All of the data below should be printed again word for word, pictures excluded.

▶ Records supplied:
------------------------------------------------------------
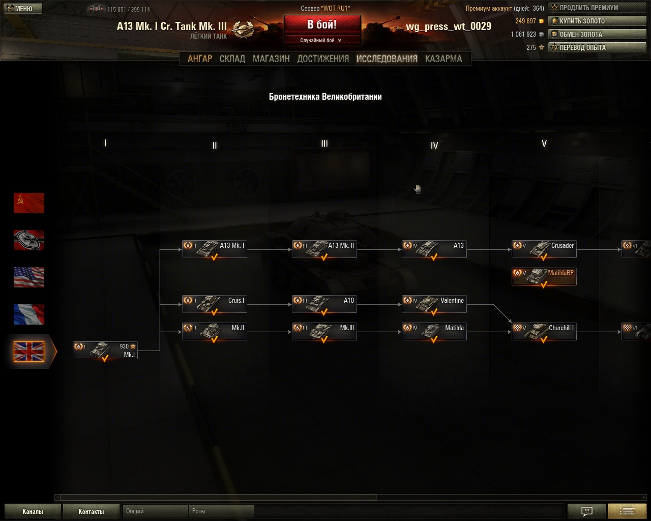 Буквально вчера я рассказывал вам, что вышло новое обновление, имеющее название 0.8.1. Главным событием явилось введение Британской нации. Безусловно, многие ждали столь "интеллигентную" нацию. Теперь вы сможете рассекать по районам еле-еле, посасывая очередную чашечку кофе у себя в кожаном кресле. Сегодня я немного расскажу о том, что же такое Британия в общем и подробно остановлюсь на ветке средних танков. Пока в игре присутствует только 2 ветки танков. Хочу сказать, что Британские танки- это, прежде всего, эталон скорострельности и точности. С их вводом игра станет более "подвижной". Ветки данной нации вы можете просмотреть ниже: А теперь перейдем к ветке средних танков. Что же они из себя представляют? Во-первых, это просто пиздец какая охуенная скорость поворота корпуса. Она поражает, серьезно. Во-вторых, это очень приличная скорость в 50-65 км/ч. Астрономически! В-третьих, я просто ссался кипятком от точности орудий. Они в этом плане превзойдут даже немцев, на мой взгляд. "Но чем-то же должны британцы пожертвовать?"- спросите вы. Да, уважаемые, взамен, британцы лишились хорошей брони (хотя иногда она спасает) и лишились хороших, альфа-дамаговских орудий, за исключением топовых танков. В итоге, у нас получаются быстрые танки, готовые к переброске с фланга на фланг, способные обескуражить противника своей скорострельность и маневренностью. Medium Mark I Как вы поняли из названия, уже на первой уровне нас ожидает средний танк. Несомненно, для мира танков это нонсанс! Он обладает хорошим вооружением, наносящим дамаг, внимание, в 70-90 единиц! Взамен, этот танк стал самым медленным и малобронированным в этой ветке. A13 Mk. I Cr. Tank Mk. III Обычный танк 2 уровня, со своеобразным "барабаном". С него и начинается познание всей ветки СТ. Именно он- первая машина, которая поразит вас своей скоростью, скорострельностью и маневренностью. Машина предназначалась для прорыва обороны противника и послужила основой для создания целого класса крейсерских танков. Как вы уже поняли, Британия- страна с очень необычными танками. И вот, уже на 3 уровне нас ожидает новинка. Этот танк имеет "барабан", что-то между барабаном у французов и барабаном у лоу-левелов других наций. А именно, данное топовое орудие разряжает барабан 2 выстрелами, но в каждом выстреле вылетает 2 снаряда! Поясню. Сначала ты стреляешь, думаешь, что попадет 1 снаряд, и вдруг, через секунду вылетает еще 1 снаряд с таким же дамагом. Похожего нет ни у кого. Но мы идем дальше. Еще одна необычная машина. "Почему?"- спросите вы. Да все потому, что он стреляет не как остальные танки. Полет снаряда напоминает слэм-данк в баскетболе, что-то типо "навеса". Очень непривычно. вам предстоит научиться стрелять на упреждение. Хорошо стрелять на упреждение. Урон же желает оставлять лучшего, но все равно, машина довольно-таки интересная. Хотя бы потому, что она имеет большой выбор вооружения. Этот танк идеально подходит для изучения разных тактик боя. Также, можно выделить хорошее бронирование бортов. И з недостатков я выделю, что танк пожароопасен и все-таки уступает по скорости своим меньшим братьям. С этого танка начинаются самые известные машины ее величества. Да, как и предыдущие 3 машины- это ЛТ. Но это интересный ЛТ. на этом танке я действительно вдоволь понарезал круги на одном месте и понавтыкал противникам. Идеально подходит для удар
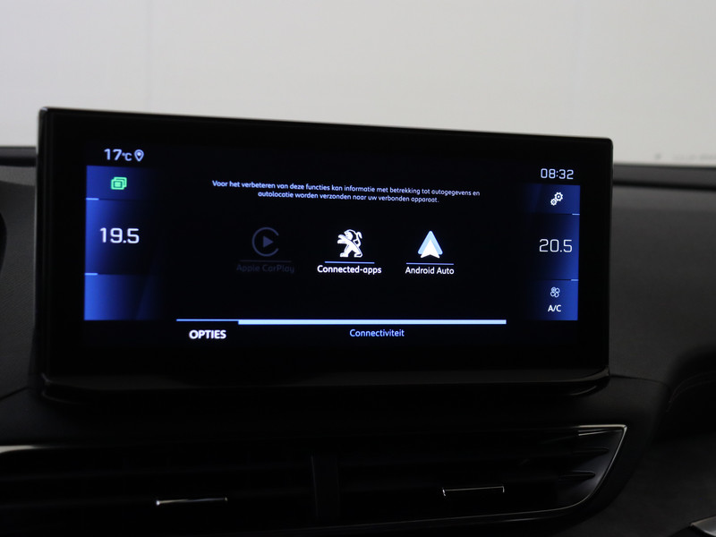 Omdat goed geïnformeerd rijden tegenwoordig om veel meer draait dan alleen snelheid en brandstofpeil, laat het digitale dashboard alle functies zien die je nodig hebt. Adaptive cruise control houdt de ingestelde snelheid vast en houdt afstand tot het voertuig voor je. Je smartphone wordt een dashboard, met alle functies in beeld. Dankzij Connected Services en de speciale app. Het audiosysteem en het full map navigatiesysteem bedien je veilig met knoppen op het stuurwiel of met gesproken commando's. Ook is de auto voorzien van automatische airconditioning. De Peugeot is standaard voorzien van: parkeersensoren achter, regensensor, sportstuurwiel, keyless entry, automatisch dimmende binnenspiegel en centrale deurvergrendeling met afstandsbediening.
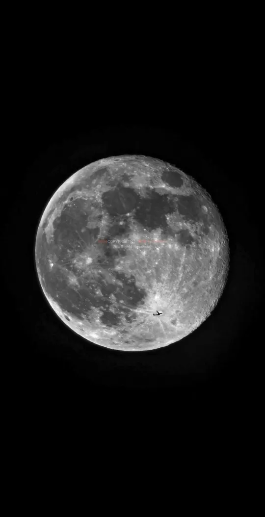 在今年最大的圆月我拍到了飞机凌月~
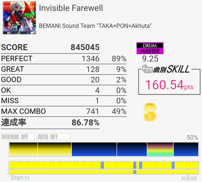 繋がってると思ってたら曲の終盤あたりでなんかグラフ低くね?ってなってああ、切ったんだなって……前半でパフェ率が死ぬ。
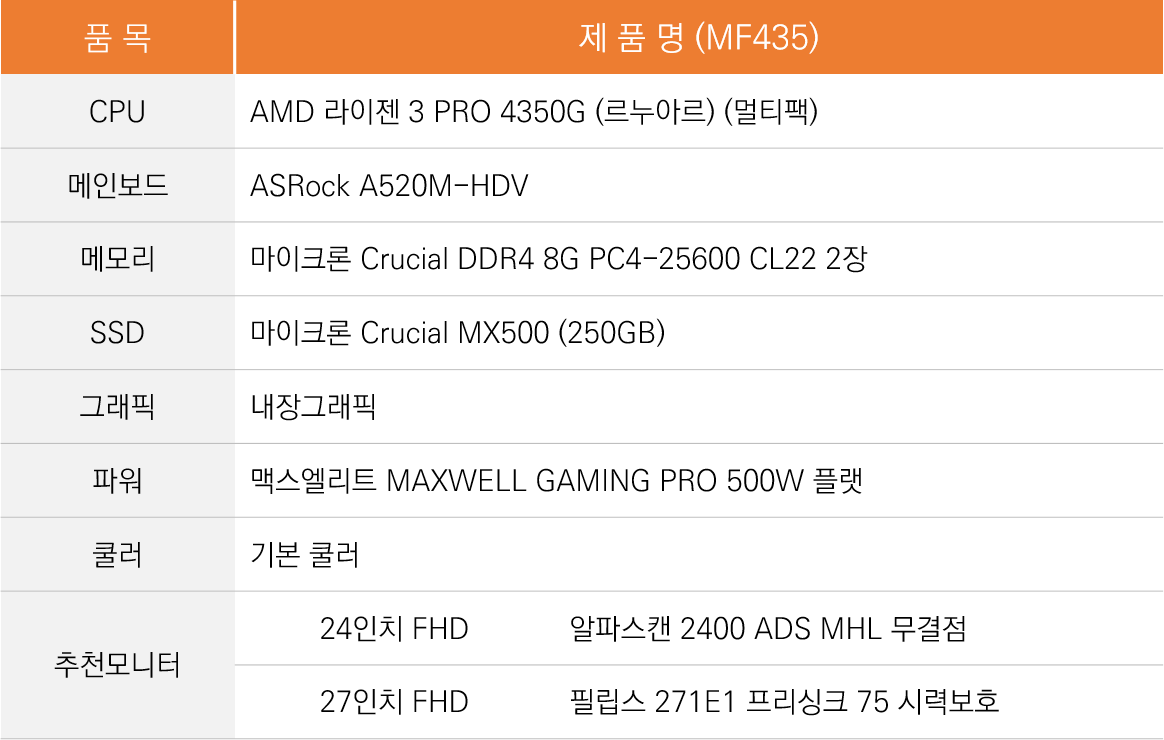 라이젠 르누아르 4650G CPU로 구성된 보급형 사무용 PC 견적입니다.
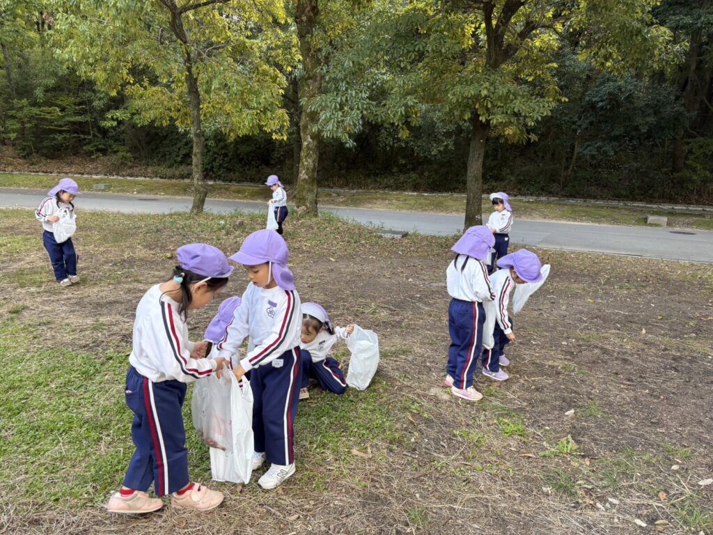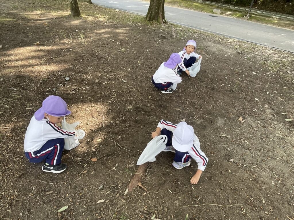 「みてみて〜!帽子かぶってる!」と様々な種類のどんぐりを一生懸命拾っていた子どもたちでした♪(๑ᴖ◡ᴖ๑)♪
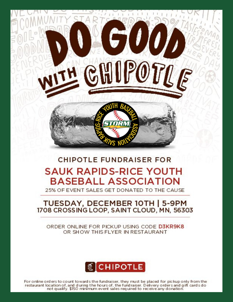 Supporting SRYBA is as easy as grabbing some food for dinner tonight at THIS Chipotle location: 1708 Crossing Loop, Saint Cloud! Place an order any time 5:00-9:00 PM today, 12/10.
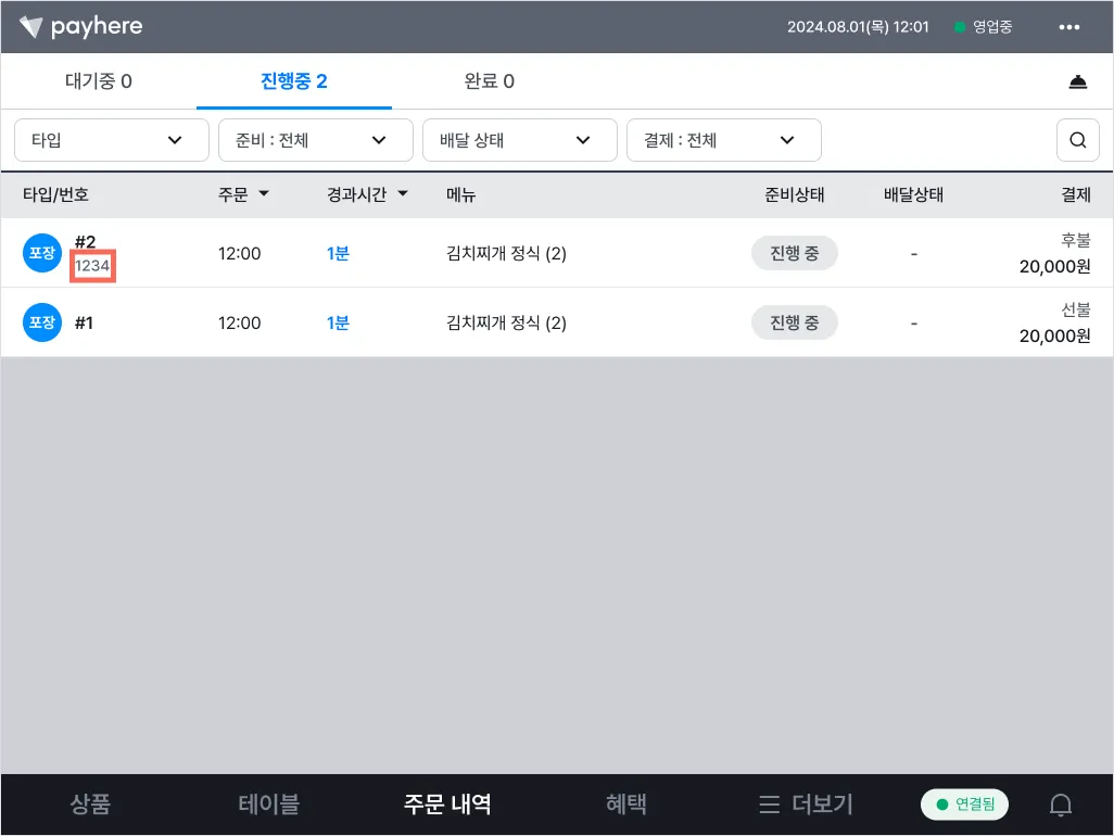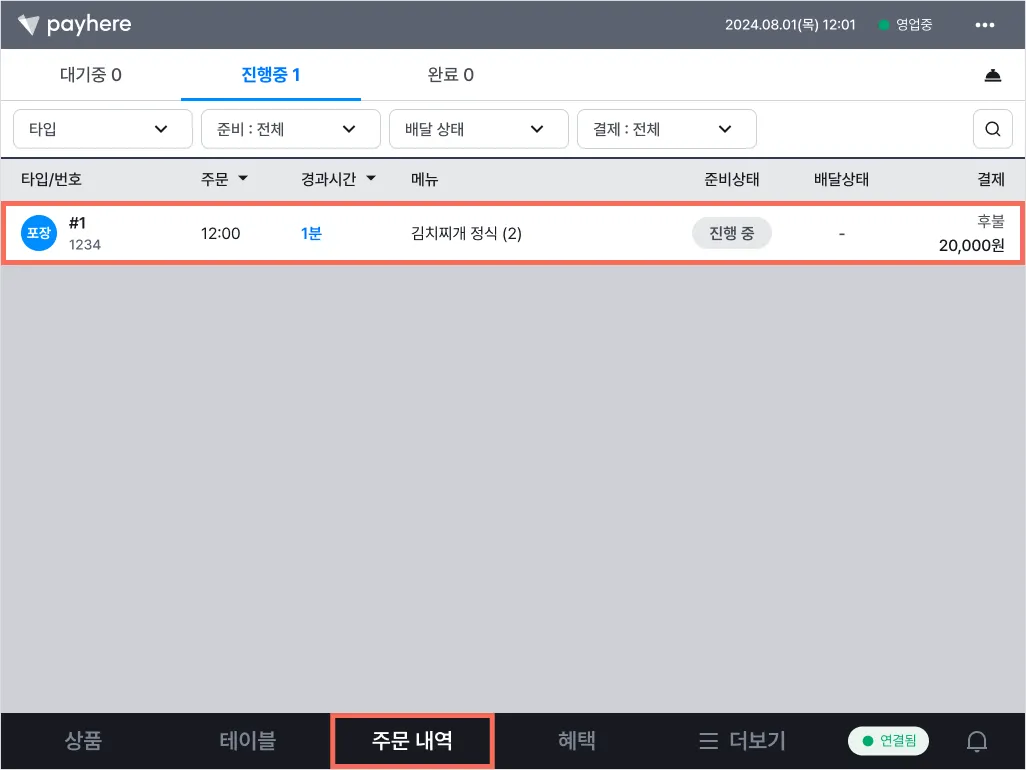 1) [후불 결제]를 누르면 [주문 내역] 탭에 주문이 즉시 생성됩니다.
------------------------------------------------------------
▶ Answer section:
 Буквально вчера я рассказывал вам, что вышло новое обновление, имеющее название 0.8.1. Главным событием явилось введение Британской нации. Безусловно, многие ждали столь "интеллигентную" нацию. Теперь вы сможете рассекать по районам еле-еле, посасывая очередную чашечку кофе у себя в кожаном кресле. Сегодня я немного расскажу о том, что же такое Британия в общем и подробно остановлюсь на ветке средних танков. Пока в игре присутствует только 2 ветки танков. Хочу сказать, что Британские танки- это, прежде всего, эталон скорострельности и точности. С их вводом игра станет более "подвижной". Ветки данной нации вы можете просмотреть ниже: А теперь перейдем к ветке средних танков. Что же они из себя представляют? Во-первых, это просто пиздец какая охуенная скорость поворота корпуса. Она поражает, серьезно. Во-вторых, это очень приличная скорость в 50-65 км/ч. Астрономически! В-третьих, я просто ссался кипятком от точности орудий. Они в этом плане превзойдут даже немцев, на мой взгляд. "Но чем-то же должны британцы пожертвовать?"- спросите вы. Да, уважаемые, взамен, британцы лишились хорошей брони (хотя иногда она спасает) и лишились хороших, альфа-дамаговских орудий, за исключением топовых танков. В итоге, у нас получаются быстрые танки, готовые к переброске с фланга на фланг, способные обескуражить противника своей скорострельность и маневренностью. Medium Mark I Как вы поняли из названия, уже на первой уровне нас ожидает средний танк. Несомненно, для мира танков это нонсанс! Он обладает хорошим вооружением, наносящим дамаг, внимание, в 70-90 единиц! Взамен, этот танк стал самым медленным и малобронированным в этой ветке. A13 Mk. I Cr. Tank Mk. III Обычный танк 2 уровня, со своеобразным "барабаном". С него и начинается познание всей ветки СТ. Именно он- первая машина, которая поразит вас своей скоростью, скорострельностью и маневренностью. Машина предназначалась для прорыва обороны противника и послужила основой для создания целого класса крейсерских танков. Как вы уже поняли, Британия- страна с очень необычными танками. И вот, уже на 3 уровне нас ожидает новинка. Этот танк имеет "барабан", что-то между барабаном у французов и барабаном у лоу-левелов других наций. А именно, данное топовое орудие разряжает барабан 2 выстрелами, но в каждом выстреле вылетает 2 снаряда! Поясню. Сначала ты стреляешь, думаешь, что попадет 1 снаряд, и вдруг, через секунду вылетает еще 1 снаряд с таким же дамагом. Похожего нет ни у кого. Но мы идем дальше. Еще одна необычная машина. "Почему?"- спросите вы. Да все потому, что он стреляет не как остальные танки. Полет снаряда напоминает слэм-данк в баскетболе, что-то типо "навеса". Очень непривычно. вам предстоит научиться стрелять на упреждение. Хорошо стрелять на упреждение. Урон же желает оставлять лучшего, но все равно, машина довольно-таки интересная. Хотя бы потому, что она имеет большой выбор вооружения. Этот танк идеально подходит для изучения разных тактик боя. Также, можно выделить хорошее бронирование бортов. И з недостатков я выделю, что танк пожароопасен и все-таки уступает по скорости своим меньшим братьям. С этого танка начинаются самые известные машины ее величества. Да, как и предыдущие 3 машины- это ЛТ. Но это интересный ЛТ. на этом танке я действительно вдоволь понарезал круги на одном месте и понавтыкал противникам. Идеально подходит для удар
 Omdat goed geïnformeerd rijden tegenwoordig om veel meer draait dan alleen snelheid en brandstofpeil, laat het digitale dashboard alle functies zien die je nodig hebt. Adaptive cruise control houdt de ingestelde snelheid vast en houdt afstand tot het voertuig voor je. Je smartphone wordt een dashboard, met alle functies in beeld. Dankzij Connected Services en de speciale app. Het audiosysteem en het full map navigatiesysteem bedien je veilig met knoppen op het stuurwiel of met gesproken commando's. Ook is de auto voorzien van automatische airconditioning. De Peugeot is standaard voorzien van: parkeersensoren achter, regensensor, sportstuurwiel, keyless entry, automatisch dimmende binnenspiegel en centrale deurvergrendeling met afstandsbediening.
 在今年最大的圆月我拍到了飞机凌月~
 繋がってると思ってたら曲の終盤あたりでなんかグラフ低くね?ってなってああ、切ったんだなって……前半でパフェ率が死ぬ。
 라이젠 르누아르 4650G CPU로 구성된 보급형 사무용 PC 견적입니다.
 「みてみて〜!帽子かぶってる!」と様々な種類のどんぐりを一生懸命拾っていた子どもたちでした♪(๑ᴖ◡ᴖ๑)♪
 Supporting SRYBA is as easy as grabbing some food for dinner tonight at THIS Chipotle location: 1708 Crossing Loop, Saint Cloud! Place an order any time 5:00-9:00 PM today, 12/10.
 1) [후불 결제]를 누르면 [주문 내역] 탭에 주문이 즉시 생성됩니다.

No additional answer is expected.